If you just want to go the whole 9 yards, the below will parse the entire thing into a named tuple that primarily mirrors the format of the text.如果你只想 go 整个 9 码,下面将把整个东西解析成一个主要反映文本格式的命名元组。 I didn't know what the first 2 values represent so, I just called them x and y .我不知道前两个值代表什么,所以我只是称它们为xy I went this far because what you want doesn't seem very useful, and I assume this question is just a precursor to eventually pinpointing more data.我走到这一步是因为你想要的似乎不是很有用,我认为这个问题只是最终查明更多数据的先兆。 This pinpoints all of the data.这精确定位了所有数据。 Any entry with \n (...) \n data is printed as being "empty", and is not stored in the entries list .任何带有\n (...) \n数据的条目都被打印为“空”,并且不会存储在条目list

import re
from collections import namedtuple

data    = "[Text(447.1153846153846, 471.625, 'the <= 0.5\nentropy = 0.97\nsamples = 100.0%\nvalue = [0.399, 0.601]\nclass = True News'), Text(238.46153846153845, 336.875, 'donald <= 0.5\nentropy = 0.921\nsamples = 83.7%\nvalue = [0.336, 0.664]\nclass = True News'), Text(119.23076923076923, 202.125, 'hillary <= 0.5\nentropy = 0.981\nsamples = 55.6%\nvalue = [0.42, 0.58]\nclass = True News'), Text(59.61538461538461, 67.375, '\n (...) \n'), Text(178.84615384615384, 67.375, '\n (...) \n'), Text(357.6923076923077, 202.125, 'hillary <= 0.5\nentropy = 0.663\nsamples = 28.2%\nvalue = [0.172, 0.828]\nclass = True News'), Text(298.0769230769231, 67.375, '\n (...) \n'), Text(417.30769230769226, 67.375, '\n (...) \n'), Text(655.7692307692307, 336.875, 'trumps <= 0.5\nentropy = 0.859\nsamples = 16.3%\nvalue = [0.718, 0.282]\nclass = Fake News'), Text(596.1538461538462, 202.125, 'hillary <= 0.5\nentropy = 0.821\nsamples = 15.7%\nvalue = [0.744, 0.256]\nclass = Fake News'), Text(536.5384615384615, 67.375, '\n (...) \n'), Text(655.7692307692307, 67.375, '\n (...) \n'), Text(715.3846153846154, 202.125, 'entropy = 0.0\nsamples = 0.6%\nvalue = [0.0, 1.0]\nclass = True News')]"

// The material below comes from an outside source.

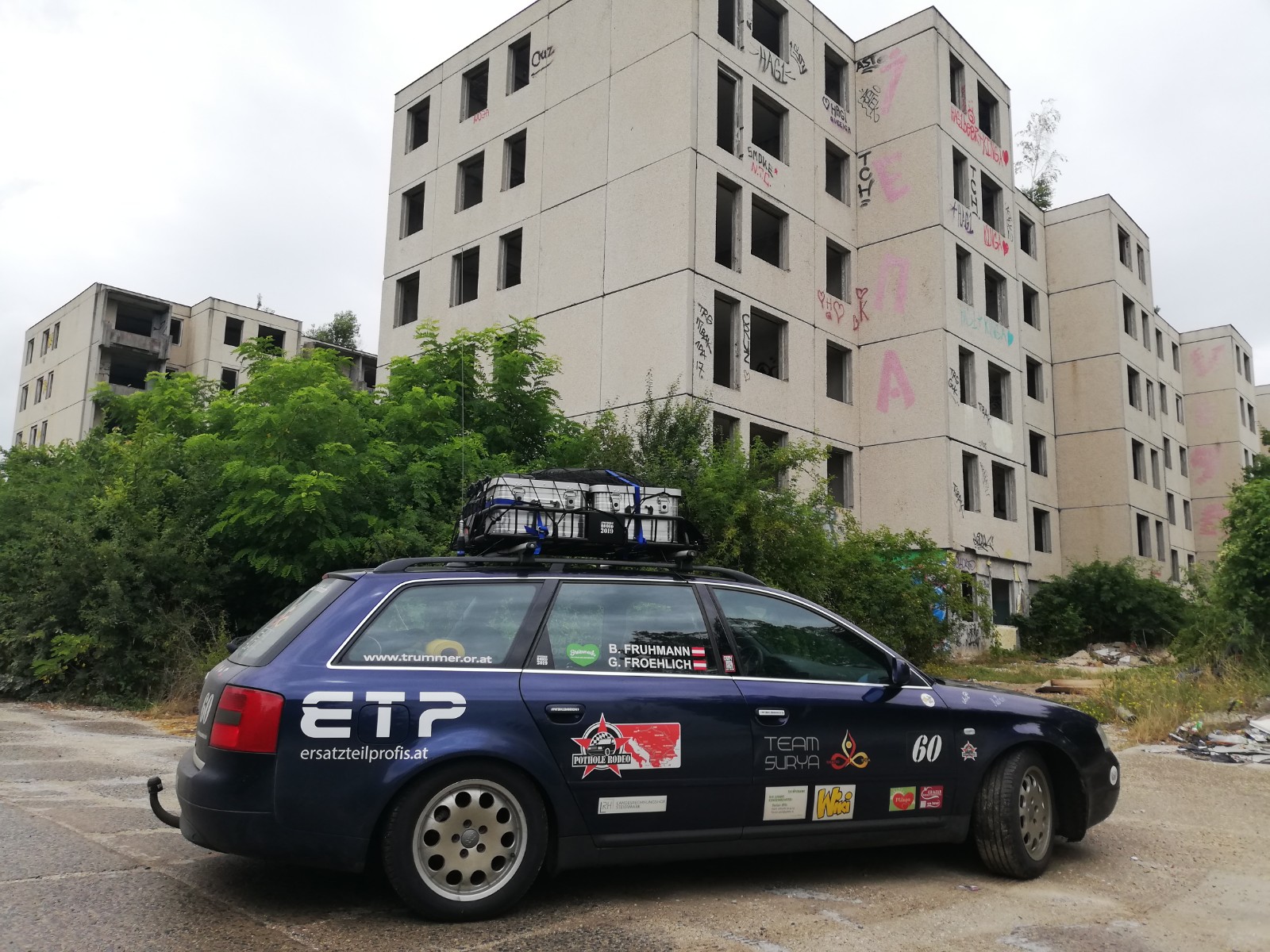 Wir haben uns für eine ruhige und gemächliche Route entschieden, die teilweise auch über Autobahnen führte. Als ersten Sightseeing-Point haben wir die Geisterstadt ohne Namen nahe Veszprem ausgesucht. Hier wollten wir dann auch unsere erste Tages-Challenge erfüllen (aber dazu gleich mehr). Es erwartet uns nämlich für jede Etappe eine Challenge, für die es Punkte abzustauben gilt. Bekanntlichermaßen geht es bei dieser Rallye ja nicht um Geschwindigkeit sondern es gibt einen Punktewertung im Hintergrund.

#regex to describe the overall entry
entfmt  = re.compile(r'Text\((?P<x>([\d\.]+)), (?P<y>([\d\.]+)), \'(?P<data>([^\']+))\'\)', re.I|re.S)

#format all of the float groups ~ 
#  flt is a repeatable chunk so we create this part of the expression in a loop
#  all this really does is make the final datfmt regex seem shorter
flt     = '{}(?P<{}>([\d\.]+))'
args    = ('_fval', '\nentropy = _ent', '\nsamples = _samp', '%\nvalue = \[_lval', ', _rval')
fltreg  = ''.join([flt.format(a, b) for (a, b) in [arg.split('_') for arg in args]])

#regex to describe the data portion of an entry
datfmt  = re.compile('(?P<focus>([\w\d]+)) <= {}\]\nclass = (?P<class>(.+))'.format(fltreg), re.I|re.S)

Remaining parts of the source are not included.